[Records drawn from a dataset]
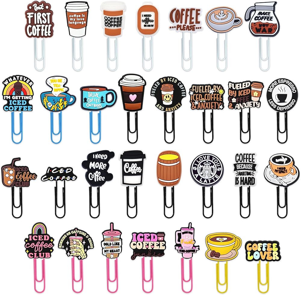 Coffee Paper Clips for Coffee Themed Party Fvaor Fun Cute Paperclips Bookmarks Large Planner Clips Bookmark Clips Office Worker Coworker Teachers Gifts
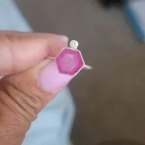 with a white topaz chip on top..this is a dainty ring. a beautiful ring set in 925 ss. made by a jewelry artist in my town.
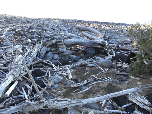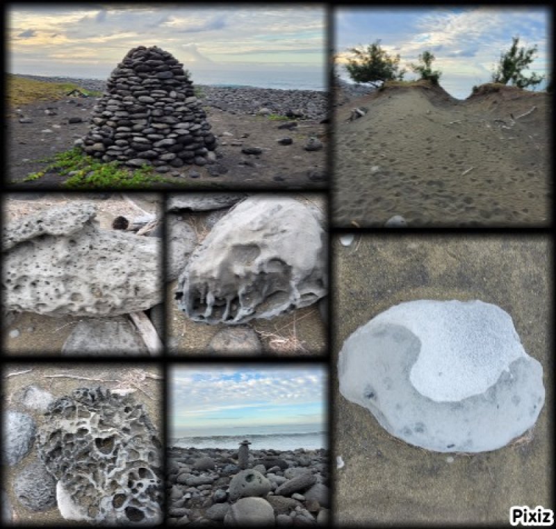 Mon regard a été attiré par quelques curiosités minérales, comme ces roches étrangement érodées ou ce taîjitu de pierre ( photo 2), sans parler des nombreux cairns jalonnant le sentier ou la plage.
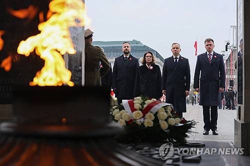 epa11714524 (L-R) Polish Defence Minister Wladyslaw Kosiniak-Kamysz, Polish Senate Speaker Malgorzata Kidawa-Blonska, Polish President Andrzej Duda and Polish Sejm Speaker Szymon Holownia lay a wreath at the Tomb of the Unknown Soldier at Pilsudski Square during the Independence Day celebrations in Warsaw, Poland, 11 November 2024. National Independence Day commemorates the anniversary of the restoration of Poland's sovereignty as the Second Polish Republic in 1918 from the German, Austro-Hungarian and Russian Empires. EPA/PAWEL SUPERNAK POLAND OUT
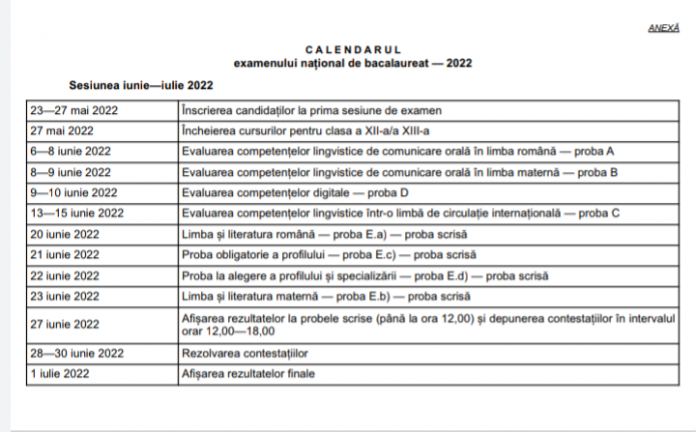 Calendarul examenului de bacalaureat a fost publicat în Monitorul Oficial. Potrivit documentului, în sesiunea iunie-iulie, probele de evaluare a competențelor se vor desfășura în perioada 6 – 15 iunie, iar probele scrise se vor desfășura în perioada 20 – 23 iunie. Primele rezultate se vor afișa pe 27 iunie, iar cele finale pe 1 iulie. Pentru sesiunea august-septembrie, prima probă scrisă este programată pe 16 august.
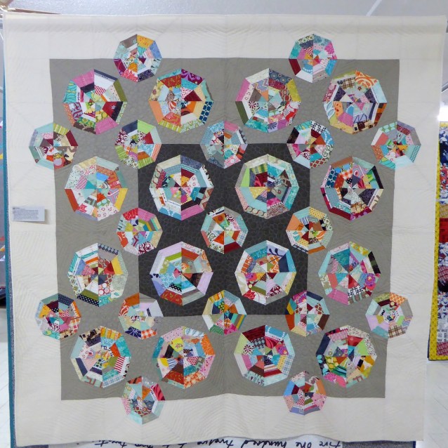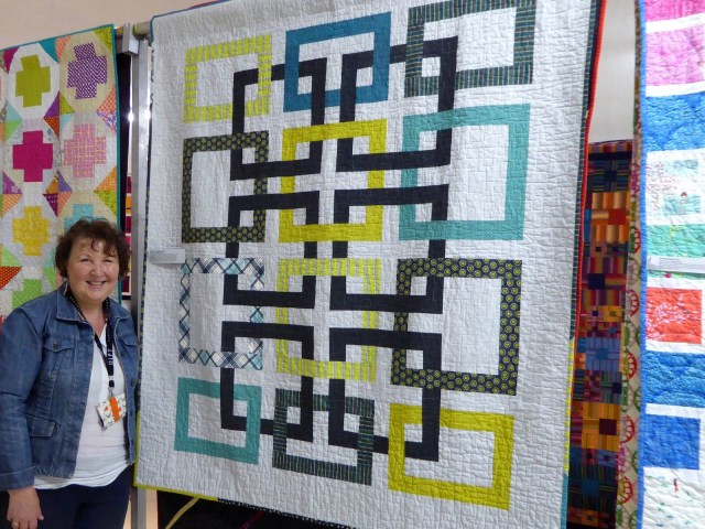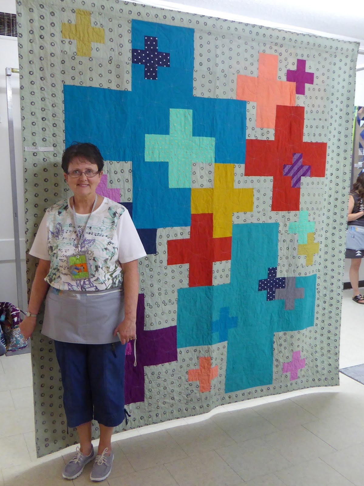 Patti with her giant plus quilt and and her half-square-rectangle quilt. She had several beautiful minis on display, too. Watch for the beautiful paper-pieced lion at the bottom of this blog post. To see more of Patti’s work, including beautiful bags, check out her blog at Retired to Quilt.

__What you will do__
Please retype the entries above word for word, but only from the line containing "Mon regard a" through the last line, and without the pictures.

__Answer area__
 Mon regard a été attiré par quelques curiosités minérales, comme ces roches étrangement érodées ou ce taîjitu de pierre ( photo 2), sans parler des nombreux cairns jalonnant le sentier ou la plage.
 epa11714524 (L-R) Polish Defence Minister Wladyslaw Kosiniak-Kamysz, Polish Senate Speaker Malgorzata Kidawa-Blonska, Polish President Andrzej Duda and Polish Sejm Speaker Szymon Holownia lay a wreath at the Tomb of the Unknown Soldier at Pilsudski Square during the Independence Day celebrations in Warsaw, Poland, 11 November 2024. National Independence Day commemorates the anniversary of the restoration of Poland's sovereignty as the Second Polish Republic in 1918 from the German, Austro-Hungarian and Russian Empires. EPA/PAWEL SUPERNAK POLAND OUT
 Calendarul examenului de bacalaureat a fost publicat în Monitorul Oficial. Potrivit documentului, în sesiunea iunie-iulie, probele de evaluare a competențelor se vor desfășura în perioada 6 – 15 iunie, iar probele scrise se vor desfășura în perioada 20 – 23 iunie. Primele rezultate se vor afișa pe 27 iunie, iar cele finale pe 1 iulie. Pentru sesiunea august-septembrie, prima probă scrisă este programată pe 16 august.
 Patti with her giant plus quilt and and her half-square-rectangle quilt. She had several beautiful minis on display, too. Watch for the beautiful paper-pieced lion at the bottom of this blog post. To see more of Patti’s work, including beautiful bags, check out her blog at Retired to Quilt.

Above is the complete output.